Chapman's speech is 21 paragraphs in length, of which Gibbons used 15 paragraphs word-for-word in his Lincoln Day address.
"It was just some wording that was sent to me," he said. "It reflected my thoughts."
Chapman, who said people could read her speech on her Web site, www.bethchapman.com, said she had mixed emotions when asked whether it bothered her that Gibbons delivered her speech.
"Yes and no," she said, adding that when she incorporates other people's material into her own remarks, "I usually mention that."
However, Chapman said she was glad the residents of Elko had an opportunity to hear her speech.
"He gave the same speech I would have," she said. "I wish I had been there to give it."

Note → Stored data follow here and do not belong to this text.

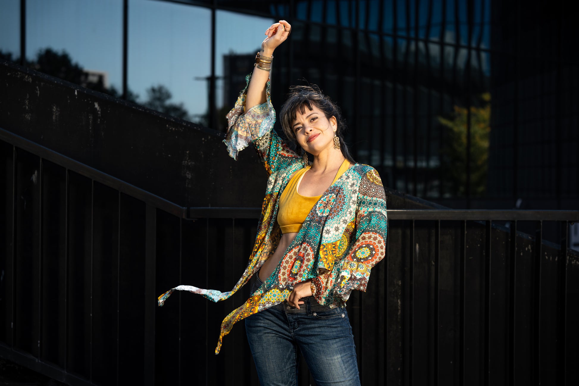 Der Kimono kann offen oder vorne zusammengebunden getragen werden.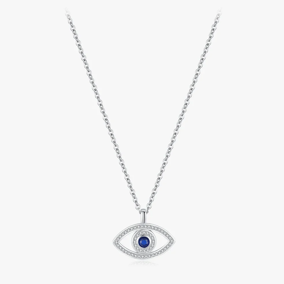 925 Sterling Silver Hollow Blue CZ Eye Pendant Necklace Wholesale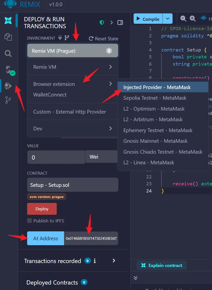这里进行部署,需要先设置环境,选中浏览器插件–>Injected Provider-MetaMask会自动关联当前钱包用户以及对应网络,然后再将合约地址复制过来,粘贴到At Address中,点击即可(要大致理解,我们的挑战合约应该部署到题目下发的那个地址,不然我们要是成功了,题目怎么判定呢?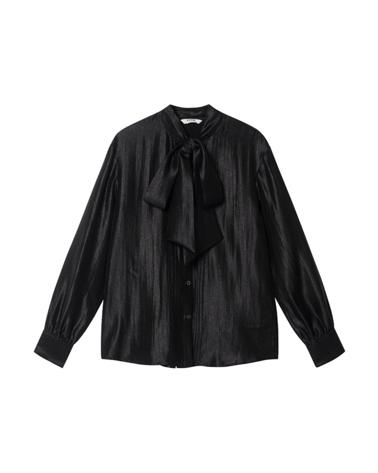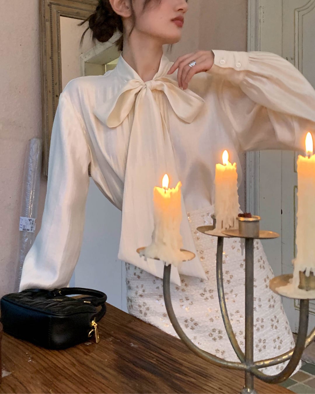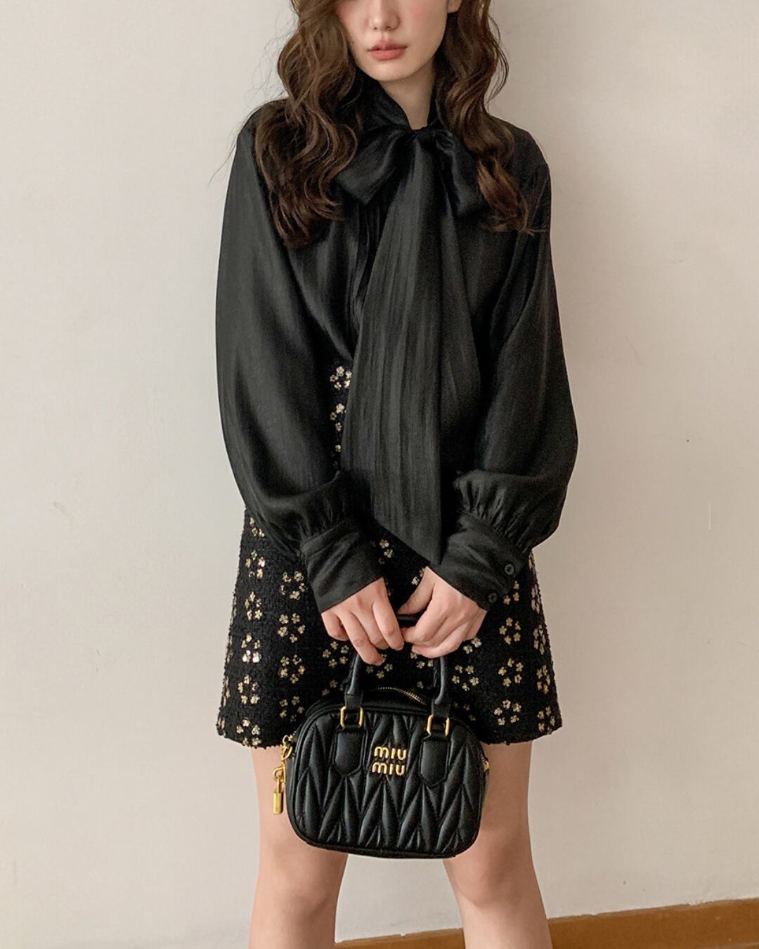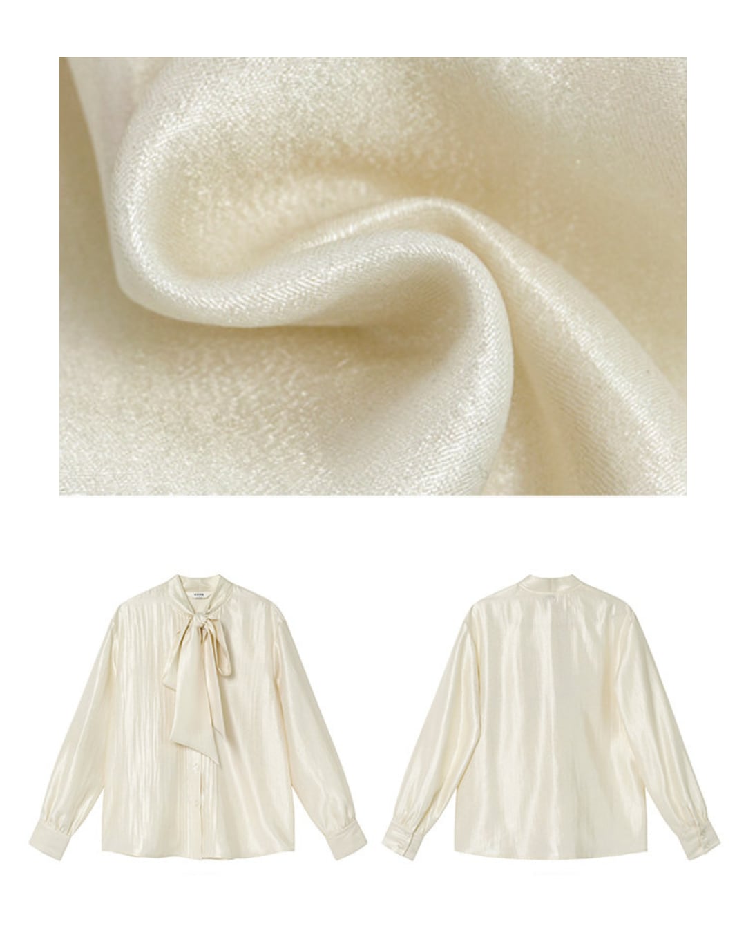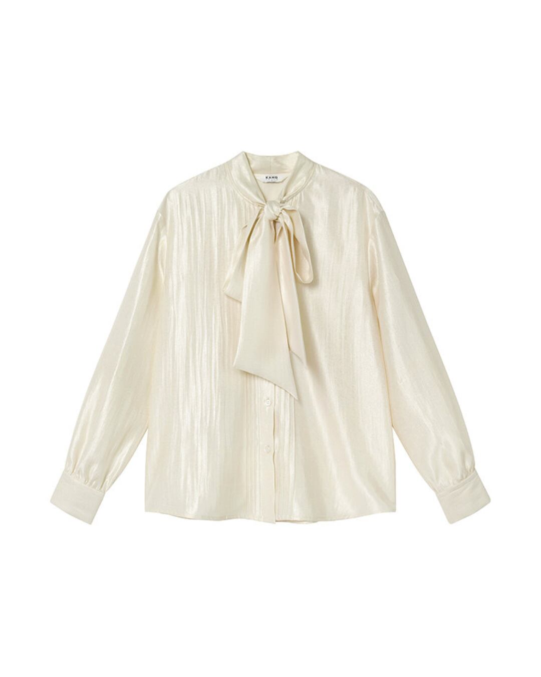 光沢感のある生地が特徴の、リボンタイ付き長袖ブラウス。首元の大きめリボンが華やかな印象を与え、スタイリングの主役になる一枚です。程よくゆとりのあるシルエットで、体のラインを拾いにくく、レイヤードもしやすいデザイン。フロントボタン仕様で着脱しやすく、スカートにもパンツにも合わせやすいアイテムです。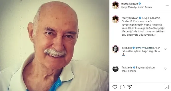 Üzüntüsünü duyuran oyuncu, "Sevgili babamız Önder M. Emin Yavuzcan'ı kaybetmenin derin hüznü içindeyiz. 03.09.2021 Cuma günü (bugün) Sincan Çimşit Mezarlığı'nda ikindi namazını takiben onu ebediyete uğurluyoruz..." ifadelerini kullandı.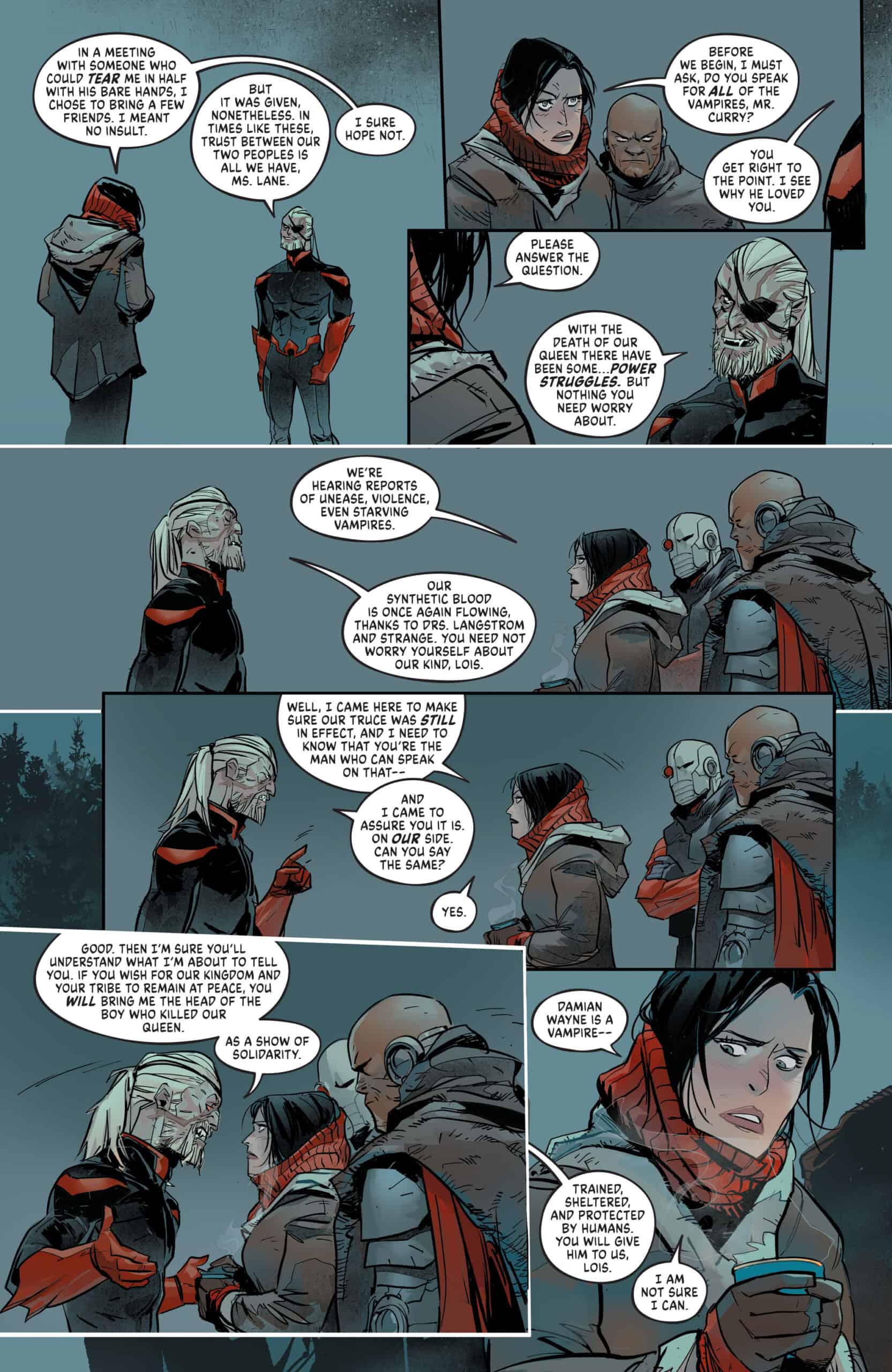 The peace between vampires and heroes is wearing thin. Lois Lane will try and negotiate a way to maintain a truce, but with Damian’s relentless attacks on the vampire queen and her armies, the only thing that might be able to bring them together is a…Miracle.

She said the speech was initially written shortly before the outbreak of the War in Iraq when the Alabama National Guard was expecting mobilization.
Gibbons is under fire from Nevada Democrats for his speech in general and particularly the lines: "I say we tell those liberal, tree-hugging, Birkenstock stocking wearing, hippie, tie-dyed liberals to go make their movies and their music and whine somewhere else."
Those words, with the exception of "I say," were taken verbatim from Chapman's speech.
Gibbons said if war protesters lived in Iraq or Afghanistan, "Ironically they would be put to death at the hands of Saddam Hussein or Osama Bin Laden," another quote that also came directly from Chapman's speech.
The comments that drew the strongest response from the Lincoln Day crowd also were from Chapman's speech.
"I want to know how these very people who are against war because of loss of life can possibly be the same people who are for abortion? They are the same people who are for animal rights, but they are not for the rights of the unborn," Gibbons said Friday night, again word for word from Chapman's copyrighted address.
Attacks on movie stars and other entertainers for their opposition to the War in Iraq that Gibbons voiced at the dinner also came from Chapman's speech.
"It expressed what I wanted to express," Gibbons said.